Jakarta's luxury malls are a world of their own: an incongruous social scene compared to the reality outside.

"Here you see a parade of characters, women dressed to the nines, wearing tens of thousands of dollars prancing around," says Lydia Ruddy, a communications and policy analyst in Jakarta. "The family with the kids trailing around, the mum and her Gucci bag and the nanny in a $10 uniform because the baby can't burp over mum's blouse."

One mall manager, who asked to remain anonymous, revealed that some of the high-end designer stores pay minimal or no rent; the idea being that their presence imbues the mall with glamour and prestige.

And while malls function in lieu of public spaces, they are hardly free. Even going to the mall costs money – you have to pay for parking, and if you want to sit down you have to order in a cafe or restaurant.

"You pay perhaps 10 to 50 times more for your food just because it's in the mall," says Marco Kusumawijaya of the Rujak Centre for Urban Studies, over a coffee at one of the few independent coffee shops in the city. "You pay for the marble floor, you pay for the freezing air-conditioning, the useless atrium and these expensive guards and sweepers."

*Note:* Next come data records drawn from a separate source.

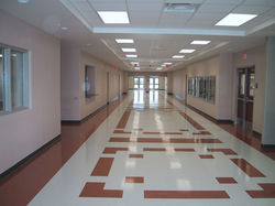 We established each trade schedule with them and pointed out the crucial areas of conflicts. We had to meet daily with the trades to make sure we kept the flow of this project running smoothly. If we lost our momentum, frustration occurs and quality slips. As a team, we made sure all trades kept working without losing time due to improper coordination. The school consisted of classrooms, computer and science labs, a media center, kitchen and cafeteria, stand-alone gymnasium, music, and band rooms.
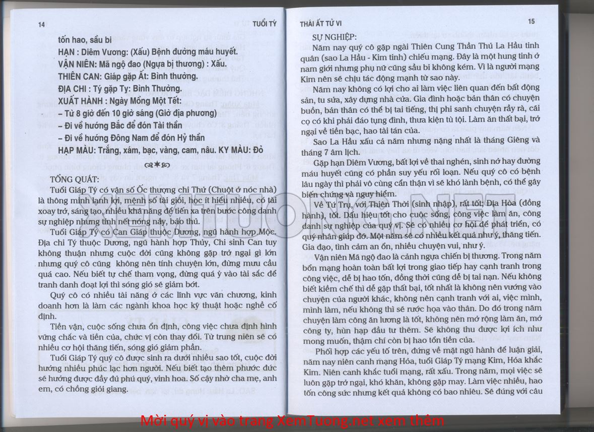 (Lưu ý: Thái Ất Tử Vi được chúng tôi scan từ sách, do đó mỗi tuổi sẽ có nhiều trang, quý vị xem xong hãy nhấn vào trang tiếp theo để xem hết phần tuổi muốn xem. Nếu quý vị xem bằng điện thoại thì hãy kéo qua lại để xem phần bị khuất.)
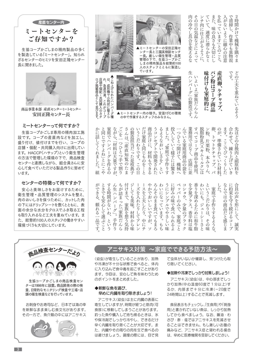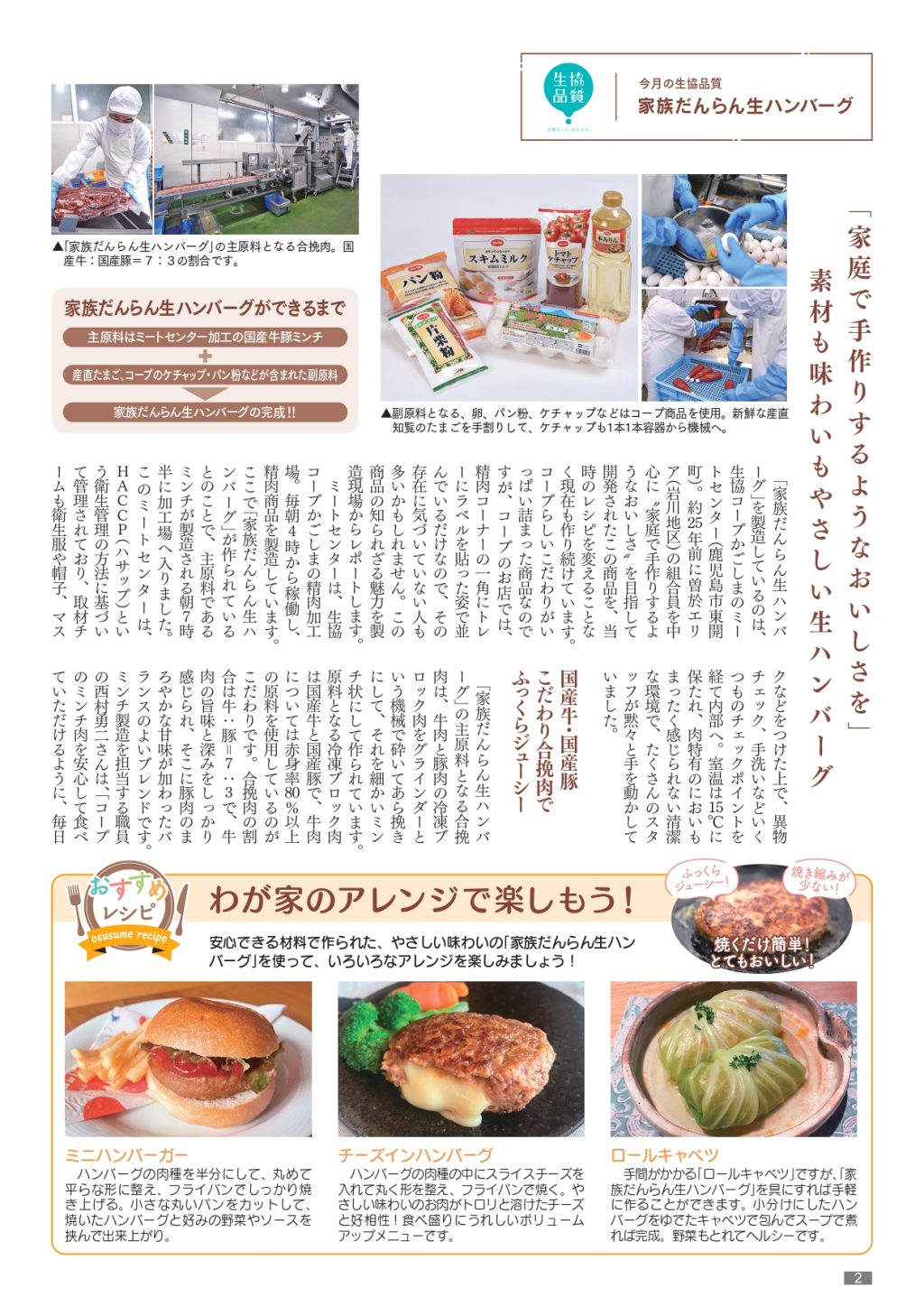今回の生協品質では、コープかごしま産直センターで製造されている「家族だんらん生ハンバーグ」を取り上げています。組合員も開発に参加し、作られた商品です。
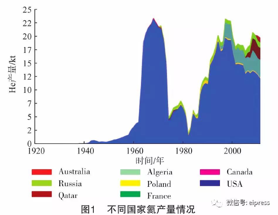 2016年,我國(guó)氦進(jìn)口主要來(lái)自卡塔爾(48.9%(w))、美國(guó)(38.7%(w))和澳大利亞(12.4%(w)),而我國(guó)生產(chǎn)的氦只能滿足少量重要用戶的需要。氦是放射性衰變的產(chǎn)物,只在少部分天然氣中以較高的濃度存在。天然氣提氦是目前氦商業(yè)應(yīng)用的唯一來(lái)源。美國(guó)是全球主要的氦生產(chǎn)國(guó),對(duì)世界氦的供給仍有絕對(duì)的話語(yǔ)權(quán)。不同國(guó)家的氦產(chǎn)量見(jiàn)圖1。
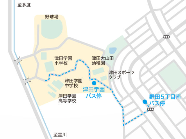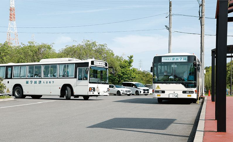 JR桑名駅または近鉄桑名駅東口より、三重交通バス「32番系統、津田学園行き」にて「津田学園」下車、または「47・48番系統、大山田循環」にて「野田5丁目南」下車徒歩3分、いずれも乗車時間は15分程度です。
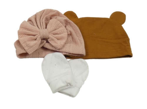 3set - 2x čepice - růžová+ medová + bílé rukavice

It all seems rather bizarre in contrast to how millions of Jakartans actually live.

Waiting for his afternoon shift near the Green Bay Mall on the Pluit waterfront in north Jakarta, Ahmed Setiawan is busy feeding flies to his caged birds. He's never been to Green Bay mall, and has no desire to go.

"That place is just for rich people. We can't afford to go there. The salary of fishermen is just Rp20,000 [US$1.50] a day.

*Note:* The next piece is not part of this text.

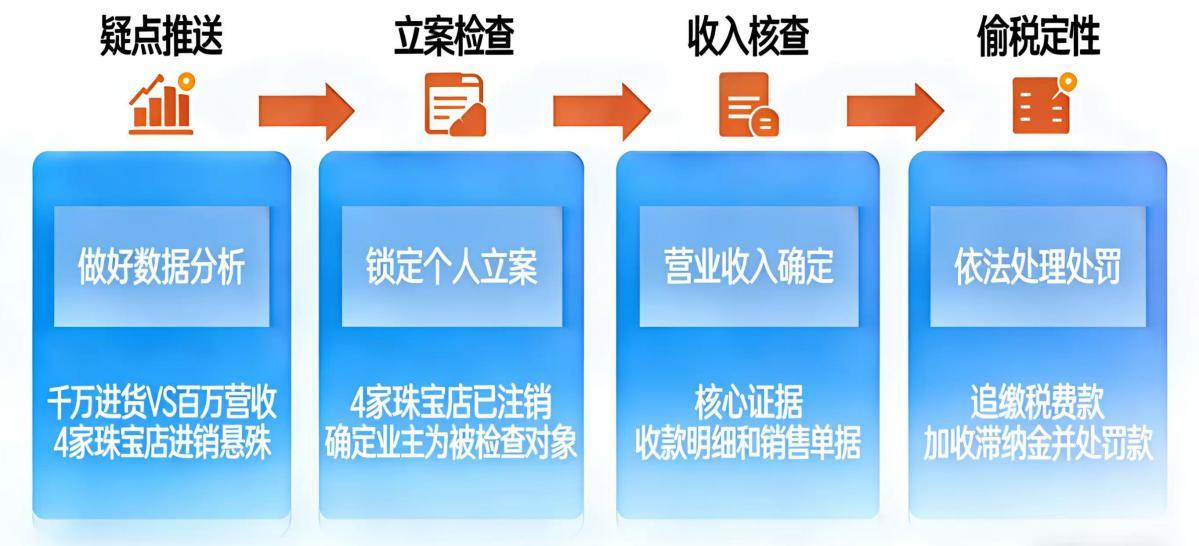 檢查人員依托稅收大數(shù)據(jù)分析,比對該珠寶店的發(fā)票數(shù)據(jù)和自行申報(bào)信息,發(fā)現(xiàn)其2022年至2024年共計(jì)接收上游兩家公司金銀珠寶首飾發(fā)票685份,發(fā)票金額合計(jì)8100.56萬元,但同期申報(bào)的增值稅應(yīng)稅收入僅467.35萬元,消費(fèi)稅應(yīng)稅收入463.86萬元。八千多萬的進(jìn)貨成本,卻只申報(bào)了不到五百萬的銷售收入,有違經(jīng)營常理。
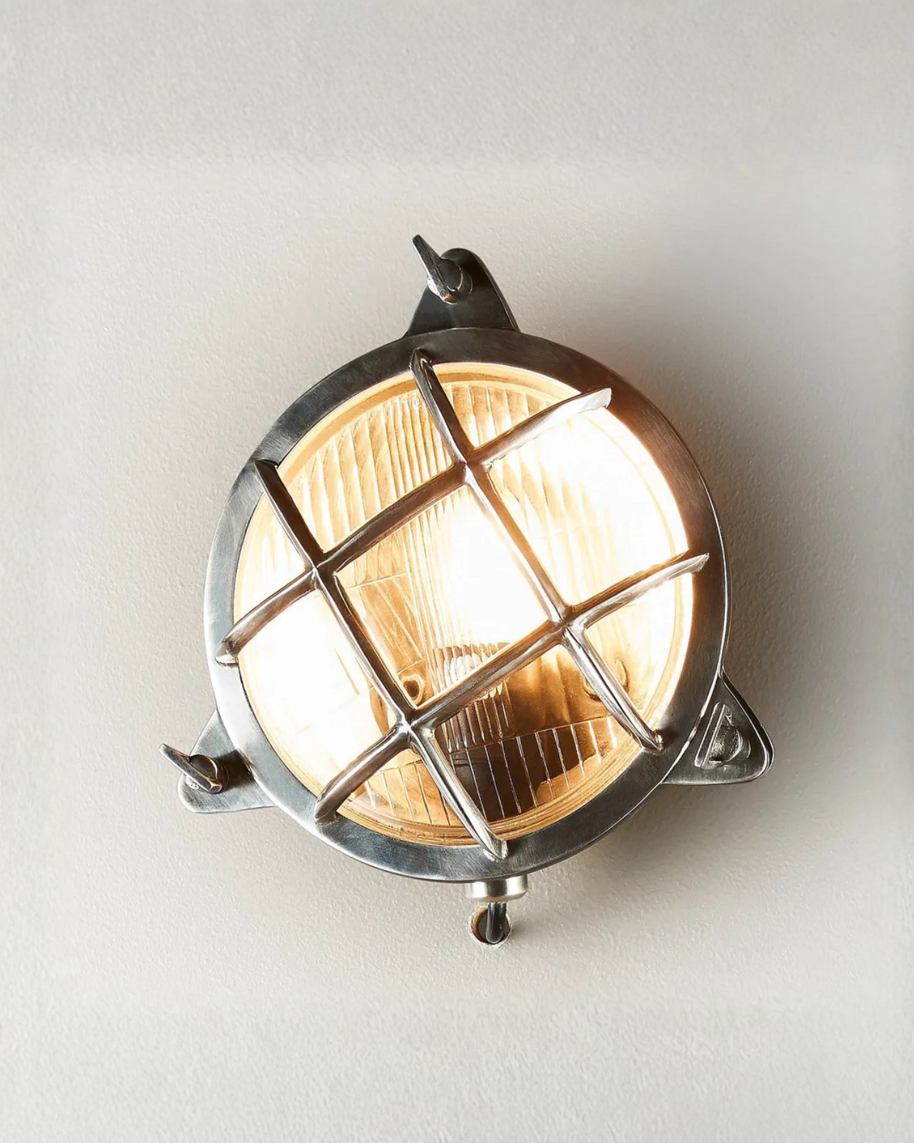 This industrial-style exterior wall light is expertly cast in solid brass and is available in either a nickel-coated or natural brass finish, bringing a subtle vintage and nautical character to any outdoor space. Ideal for mounting on entrance pillars, along exterior pathways, or throughout the garden, it provides both functional illumination and a distinctive design feature.

"Actually the mall is a disturbance. Before we used to look for bait and mussels in the water in front there, but now there's hardly any fish. It's very annoying, and the government doesn't care. They just care about money."

Around the corner, Rohani is selling rice and snacks from her wooden cart. She's been to Green Bay once since it opened several years ago. "I went there when it was the birthday of the mall and there were fireworks," she says. "I just looked once. Only once."

Rather than malls, traders and fishermen like Rohani and Setiawan go to traditional markets. These are clusters of bustling street-side stalls, wooden tables stacked with cheap clothing, fruit and vegetables, and meat carcasses hanging in the heat.

They also buy goods direct from street vendors, whose traditional wooden carts circle the local kampung neighbourhoods, selling everything from buckets and brooms to mountains of fruit.

It's this colourful street life that is threatened by the ubiquity of malls – and the social inequity they represent, says Kusumawijaya.

Many malls in Jakarta grossly exceed the dimensions stipulated in the city's 2010 spatial planning bylaws. Yet developers are permitted to build wider and higher by paying compensation. Kusumawijaya believes this is a form of "spatial injustice".

"Why can't you build more for your house? Because you cannot pay the compensation, while these people are building more and more," he says. "The problem is that every additional square metre means additional water extraction from the ground, additional electricity. This creates more of a burden on the city."

Still, the realities of the outside world are easily forgotten in the mall, especially the fact that many Jakartans cannot afford to spend time there – including some of the employees.

But for many others, mall culture is the only type of urban experience they've ever known. At the Carnivalle section of GI – a virtual theme park – Herdi Herdiansyah, 32, a marketing consultant, rocks a pram with his six-month-old son amid the din and flashing lights.

"We're just introducing him to the idea, for his eyes only. You know, so he won't be too surprised when he grows up and is ready to play here."